The standing water brought so abruptly by November’s storms filled up the flats to form flooded swathes framed by the raised walkways and the bulwarked banks of the river Brue. Ditches over-filled and invisible; it is only the immersed solitary trees, scrappy veteran thorns and pollarded boundary willows that indicate where one field turns to the next. From the mirrored waters rise the hills-come-isle of Avalon, a sculpted enclave that reflects into the lake as clear in these moments as it might have a thousand years ago as the earth of the surrounding land is once again returned to its rightful place – underneath the water.
These soggy excursions out onto the moors inspired me to take a closer look at our magnificent Willows – trees that surround us on every side, but which I must say I am guilty of having not granted adequate attention. Given that we live in the land of willows, Somerset being home to one of the few remaining commercial willow farms, there is a distinct lack of Salix registered locally on the ancient tree inventory – perhaps a testament to a collective ignorance of these trees, or else a logistical issue, as the willows aren’t the easiest trees to access and measure and even more tricky is the verification of their estimated status; notable, veteran, ancient.
It might be that willows are such quick growing trees, we tend not to admire them in their vastness, as we might do an English Oak. Maybe it’s that they are so remote and inaccessible, located as if they wish not to be bothered, or that they seem so temporary, as if they might lazily pick up sticks and appear tomorrow drinking at the river bank a few miles downstream. We seem less inclined to grant the willows admiration for their stature, appreciation for their presence, and due acknowledgment for their contributions to our culture, which, at its depths, is a weaving of the fates of Sapian and Salix that stretches back millennia.

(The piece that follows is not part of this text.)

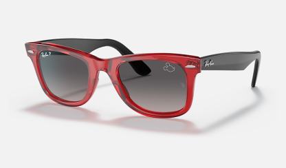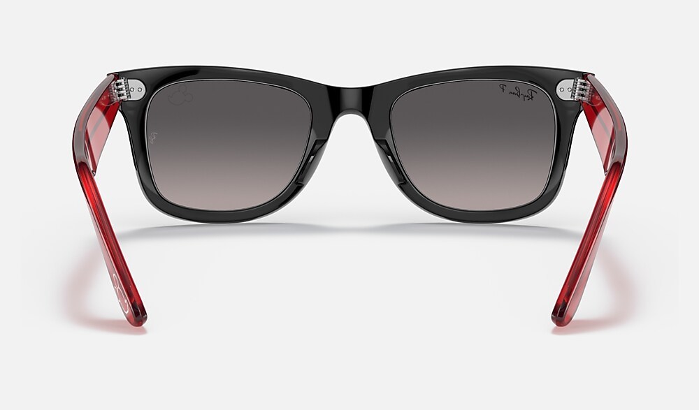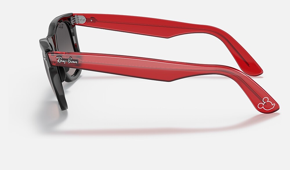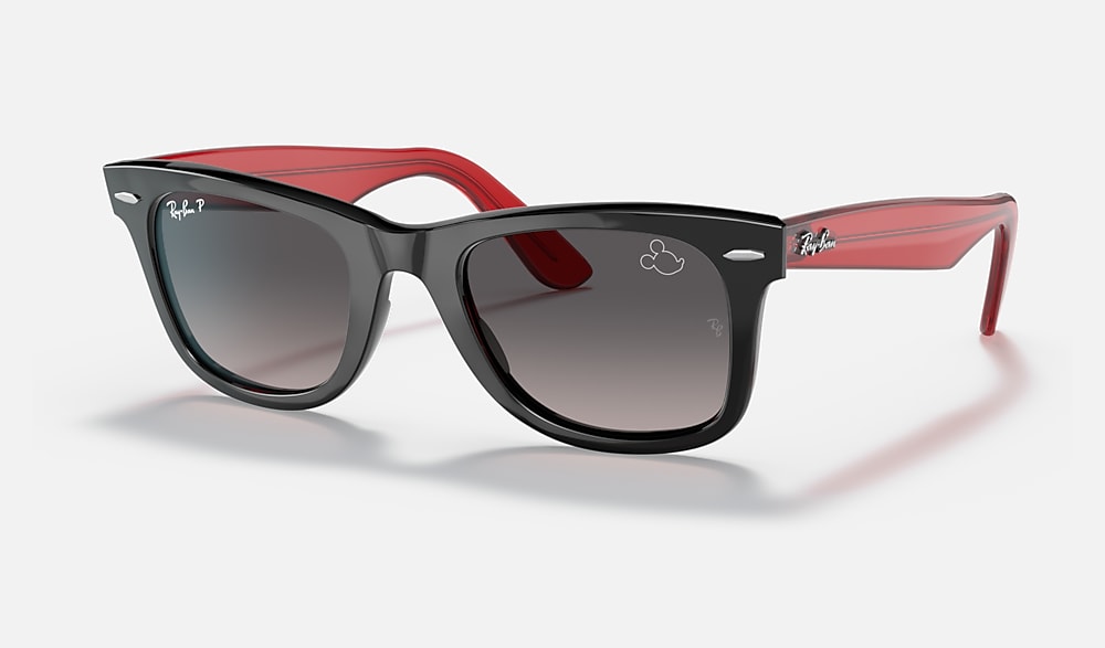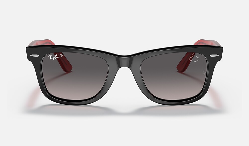 From the rock revolution of the ‘60s to the forefront of hip-hop culture... wherever there’s style, there’s the Wayfarer. As a cultural icon, it meets its match with Disney’s Mickey Mouse whose silhouette is etched on the lens and temple tip of this new Ray-Ban X Disney style. RB2140 Wayfarer Mickey J22 comes in two color combinations, inspired by the classic palette of Black and Red, paired with Grey-Gradient Polarized lenses. Every pair comes in an exclusive red case and box, complete with a certificate of authenticity. Limited pairs available.

“Remnants of coiled baskets have been found in the middle East, dated at about 10,000 BC. In Africa parts of pots with the imprint of basketry patterns on them have been dated at 8,000 BC… Wicker work fragments have been unearthed from the Glastonbury Lake Village,100 BC. And Pliny, AD 23-79, an early historian, specifically mentions the cultivation of osiers.” – 1. Willow Basketry, an introduction to work
The pollarded willows of the Glastonburuy moors and the wider Somerset levels are its most significant and culturally rich arboreal feature, a window into our more recent past and the lives of the people who lived on the levels. Following the drainage of the Levels and the planting of trees that followed, withy farming became one of the means by which locals would make a living. I suspect that most of the trees we see today are the remnants of more numerous pollarded rows planted to produce tree withies.
“One way of making a living round here was on withies. That was a given thing round here. Most of the women were on withies, stripping with a hand brake… and of course the children, so ever they were big enough, they had to lend a hand after school and at weekends.” – 2. Len Meade Basket Maker, Burrowbridge 1981. Life on the levels, by Tony Anderson
While the acres of withy beds served the needs of wicker weavers, the pollarded trees were farmed to produce timber for other purposes. Tree withies were often left for longer before pruning to provide boughs of adequate size for chair legs and other furniture.

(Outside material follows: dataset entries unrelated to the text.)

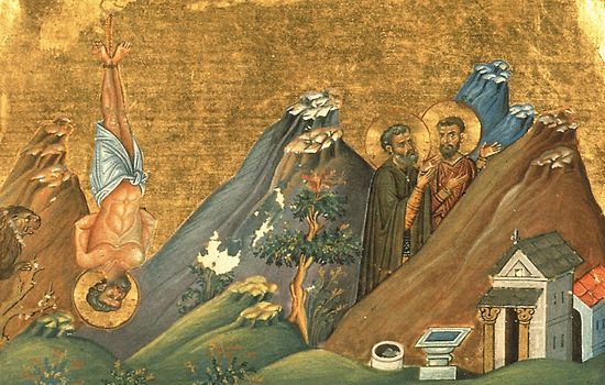 Святой Зосима был родом с Сицилии, вел аскетическую жизнь в пустыне, соседствуя с дикими зверями. Арестованный по приказу правителя Домициана, он исповедал Христа воистину воплощенным Богом. За это ему сожгли уши раскаленным железом и бросили в чан с кипящей водой. Но благодать Божия сохранила его невредимым в этих испытаниях. Когда его подвесили за ноги, один из львов, живший с подвижником в пустыне, внезапно возник посреди стадиона и исповедал человеческим голосом Божество Христа.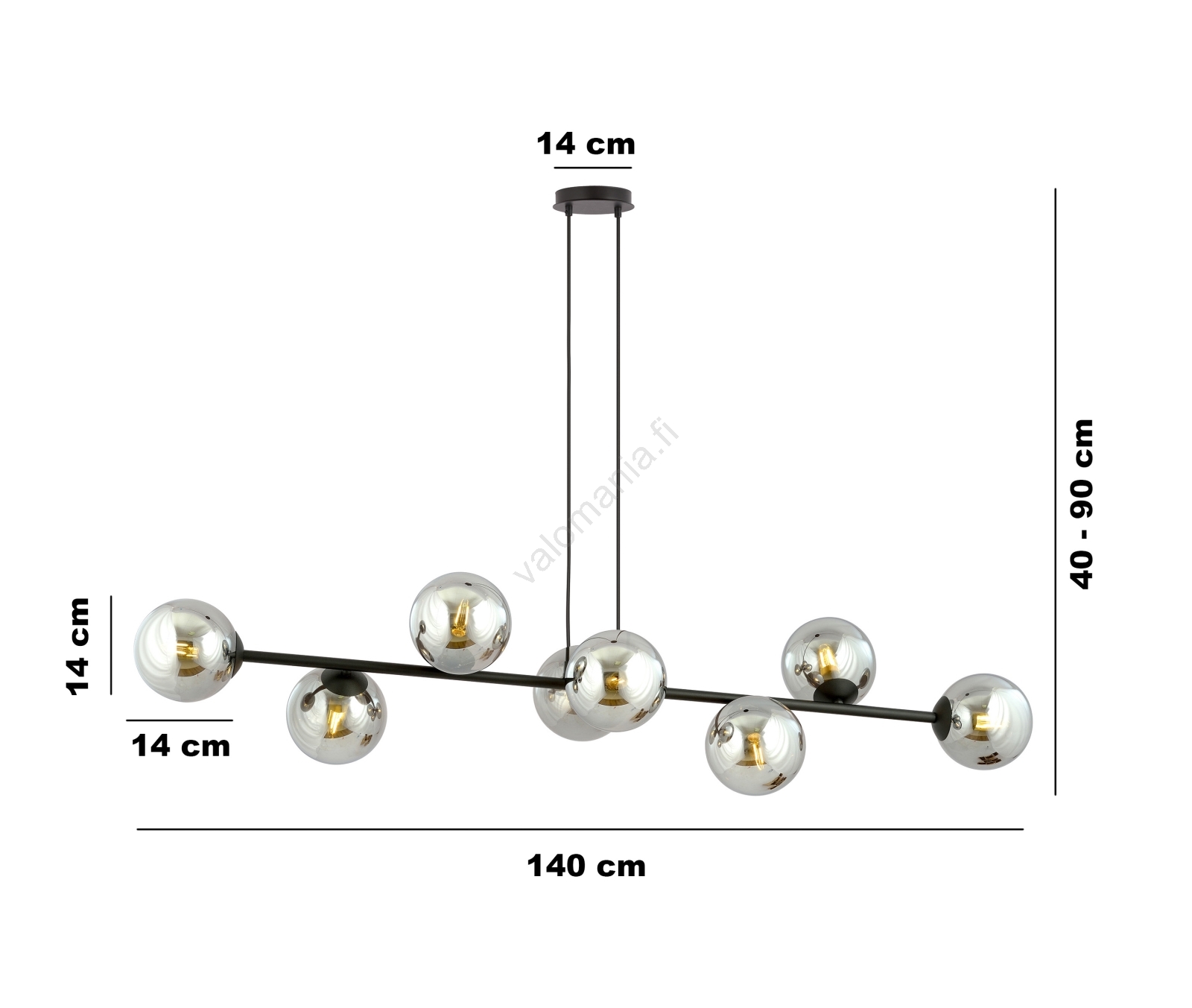 • Kattokruunu johdossa ROSSI 8xE14/10W/230V musta/läpinäkyvä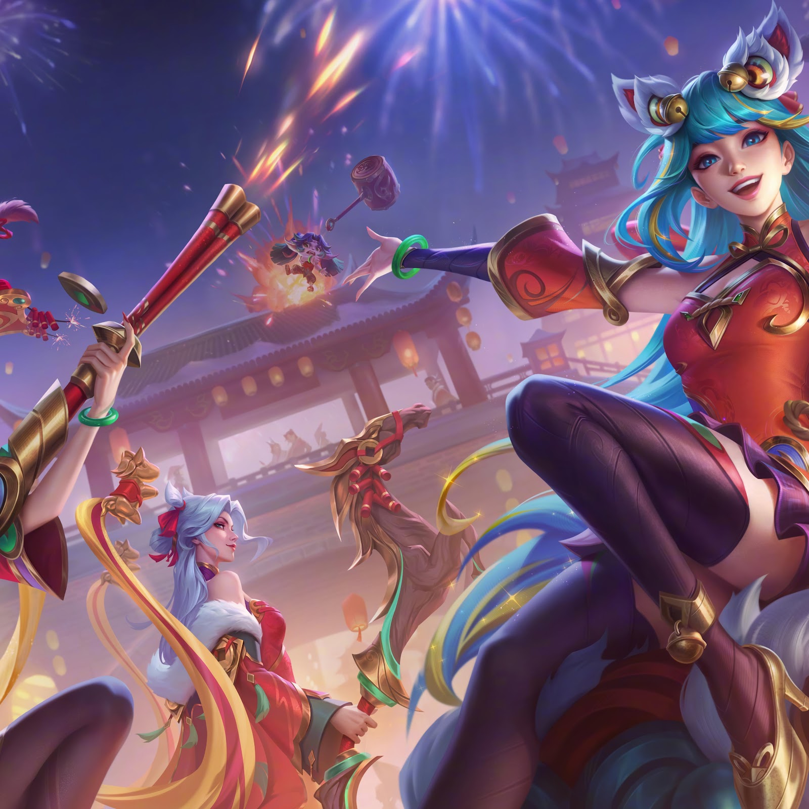 Seraphine from League of Legends celebrates the Lunar New Year with her friends and magical fireworks in a colorful festive city setting.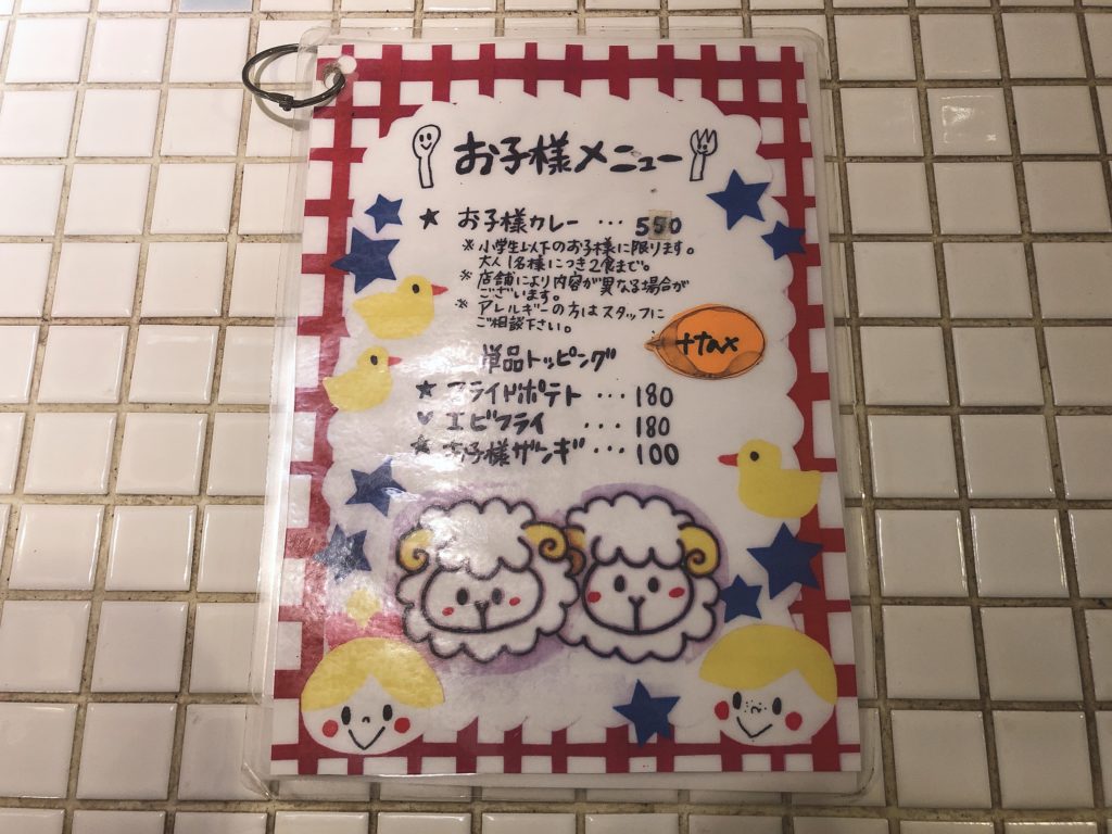 スープカレーサムライには、キッズメニュー(¥825)も用意されています。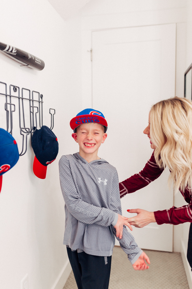 I snagged two large and one small wood ball holder from Pottery Barn and they’re the perfect addition to help Boston display his favorite balls. His football is signed by the BYU football team and then that’s the baseball that hit him in the face when he was four!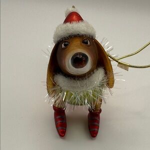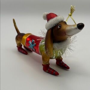 Celebrate the holidays with this happy smiling charming dachshund ornament, featuring vibrant red, green, brown and gold colors. Perfect for dog and doxie lovers and festive decor.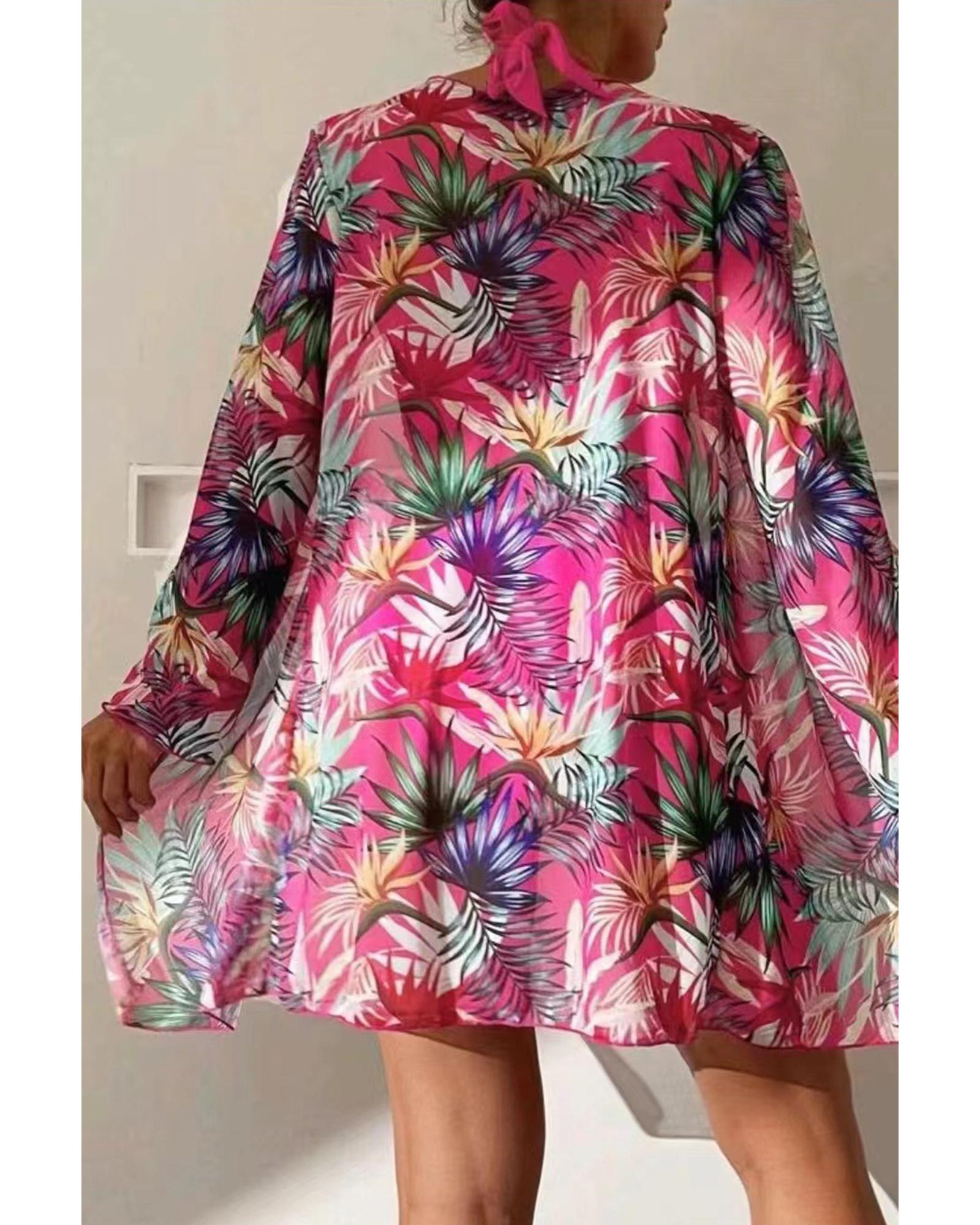 Rose Red 3pcs Tropical Contrast Trim Halter Bikini Set with Cover up – M

“A tree withy is different from the ones we grow in the withy beds, they were used one time for chair legs because going back, I suppose possibly over 80 years they had no end of these people here making wicker chairs, that really started off here. So many of them were chair makers they days, and then you had to have a three year old tree withy for the legs…” – Len Meade Basket Maker, Burrowbridge 1981.
Some of the old trees worked in the late 1800s and early 1900s, may have been retained later into the 20th century to provide timber, fodder for cattle, or firewood, but largely their farming died out during the mid part of the 20th century as the demand for fuel changed, plastic products replaced withy baskets and central heating removed the need for logs, many pollards were left to deteriorate. Fig 2 shows continued withy farming into the 1940s.

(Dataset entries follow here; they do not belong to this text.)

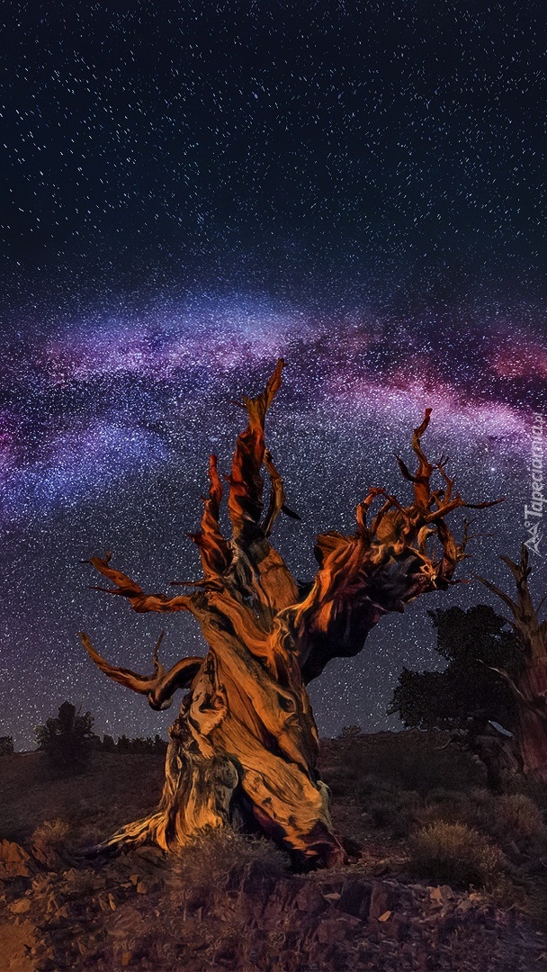 Edytor tapety: Rozgwieżdżone niebo nad uschniętym drzewem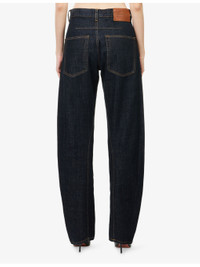PRODUCT DETAILS - Victoria Beckham denim jeans - 100% cotton - Exposed button and concealed zip-fly fastening at front - Regular fit, high-rise, straight leg, structured waistband with belt loops, two side slant pockets, branded silver-toned hardware, two rear patch pockets, contrast stitching brand patch at back, dark wash - Machine wash at 30°C - True to size - Size 26: rise 11in / 28cm, inside leg 33.5in / 85cm, leg opening 17in / 43cm - Model is 5ft 10in/1.78m and wears a size 26 - Midweight, non-stretch Ref: R04536542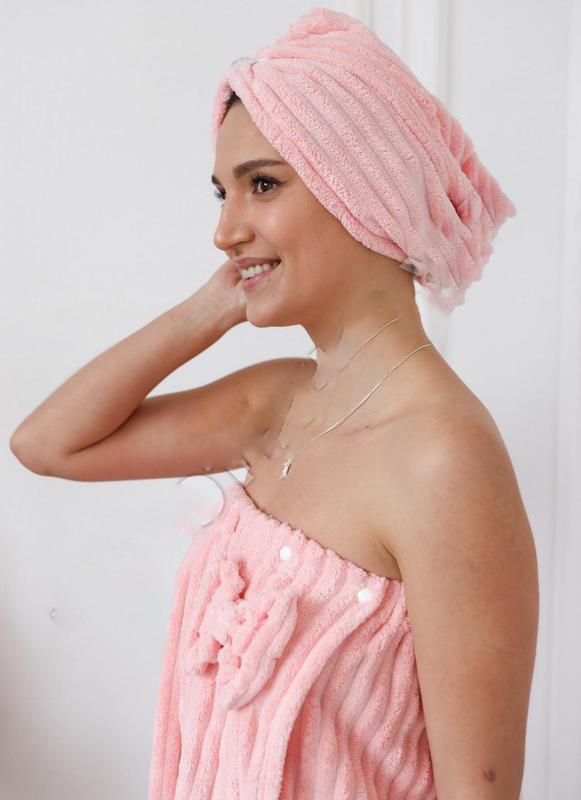 Набор полотенце халат женский Шарпей микрофибра + шапочка банный Цвет: пудра-персик, шоколад, светло-серый, розовый, вешочный-молок Размер 140*80см + шапочка подарочная упаковка Комплект микрофибра плотная в подарочной упаковке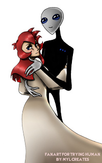 So, I'm a big fan of IntroducingEmy's, Trying Human. (Favorite character is Hue, he reminds me of a happy version of Sketaldaz from Hacheeachkee <u<). And I'd imagine she's probably not feeling the best at the moment, so I decided to draw her some Fan Art (cuz, what else really cheers up any artist? ;D). So, Emy, I hope this cheers you up! *fist bump* Off I go to work on architecture stuffs.... at... 3 in the morning... =꒪ᆺ꒪=

A modest exploration of the moors surrounding Glastonbury brings one into contact with countable willow pollards of 3-4 metres in girth. These old timers can be identified as veteran trees by features such as hollowed or partly missing trunks, large burls, cracked limbs, holes, cavities, scars, fungal growth and bare exposed heartwood. The ancient willows, even more deteriorated than the veterans, are said to be trees of 150-200 years, and these might be girthy managed pollards, bowing and collapsed trees or their successors, almost unrecognisable as the proud upstanding pollards they used to be.
A willow tree of approximately 150—200 years old would represent an ancient tree for its species’. Then, according to ‘Veteran Trees: a guide to good management’ (1999, p148), ‘The oldest willows are likely to be pollards or their successors i.e. bollings that have fallen apart.” – Willows in the farming landscape: a forgotten eco-cultural icon
Some of the veteran pollards that still stand around the moors of Glastonbury are maintained by the local farmers mostly for their heritage status as well as for aesthetic appeal, many have also been long lost. In many cases their stability is compromised and so they undergo regular pruning to ensure they remain upright and intact. At this stage of their life they have come to appear less like trees and more like the amalgamated relics of bygone beasts pieced together to form Chimaeras that are difficult to recognise as arboreal. Exposed, hollowed hearts with open wounds exposing the timber bone and tendon of some great lumbering giant, but with no flesh and with nothing bloody.
The hulked heads of these creatures are maned like water dragons, they bow towards the water as if intending to take a drink from the rhynes and as they do so they appear also to be part horse, part rhino, part whale, part pachyderm, part unfathomable half fossilised megaflora-fauna, but not extinct, instead, aggressively adaptive. Immense creatures of the rhynes and droves, their roots smell water and breathe it in. They wallow half in earth and half in water, seeping into and out of the ditches, ridge backed, horned, tusked and toothed, “gert” cracked movers of current, static yet apparently flowing and mutable.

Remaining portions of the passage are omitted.